───── Exercise data

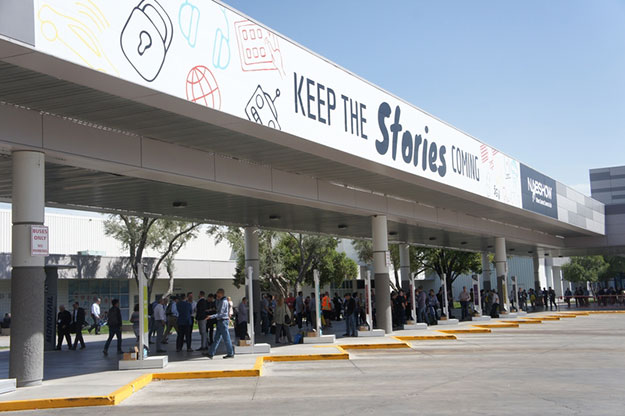 NAB3日目の今日は風が強く、通常なら視界が良く遠方まで見通せる界隈も周辺の砂漠からの砂埃の影響だろうか曇りがちであった。吊り広告のPOPも風で飛ばされたのか安全のために取り外したのだろうか、シャトルバス発着場通路に並んでいたBlackmagic Designの広告POPは全てなくなっていた。
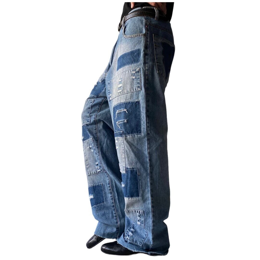 ♾PHAT FARM♾ Patch work design buggy denim pants
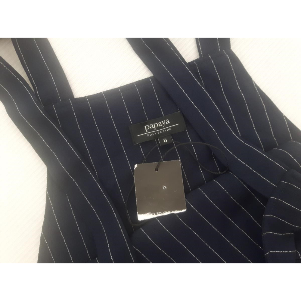 PAPAYA granatowa SUKIENKA OGRODNICZKA mini PASKI NOWA _ 36
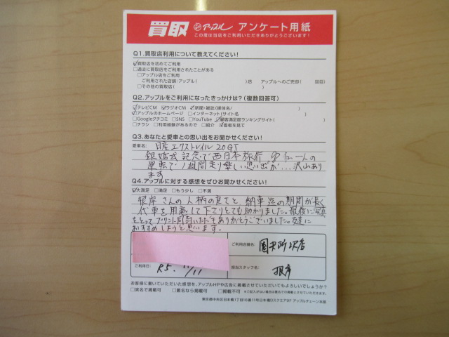 根岸さんの人柄の良さと納車迄の期間が長く代車を用意して下さり

──────────

### [What is being asked]
Exactly as given, set down each line of the material, but include no pictures.

### [Written solution]
 NAB3日目の今日は風が強く、通常なら視界が良く遠方まで見通せる界隈も周辺の砂漠からの砂埃の影響だろうか曇りがちであった。吊り広告のPOPも風で飛ばされたのか安全のために取り外したのだろうか、シャトルバス発着場通路に並んでいたBlackmagic Designの広告POPは全てなくなっていた。
 ♾PHAT FARM♾ Patch work design buggy denim pants
 PAPAYA granatowa SUKIENKA OGRODNICZKA mini PASKI NOWA _ 36
 根岸さんの人柄の良さと納車迄の期間が長く代車を用意して下さり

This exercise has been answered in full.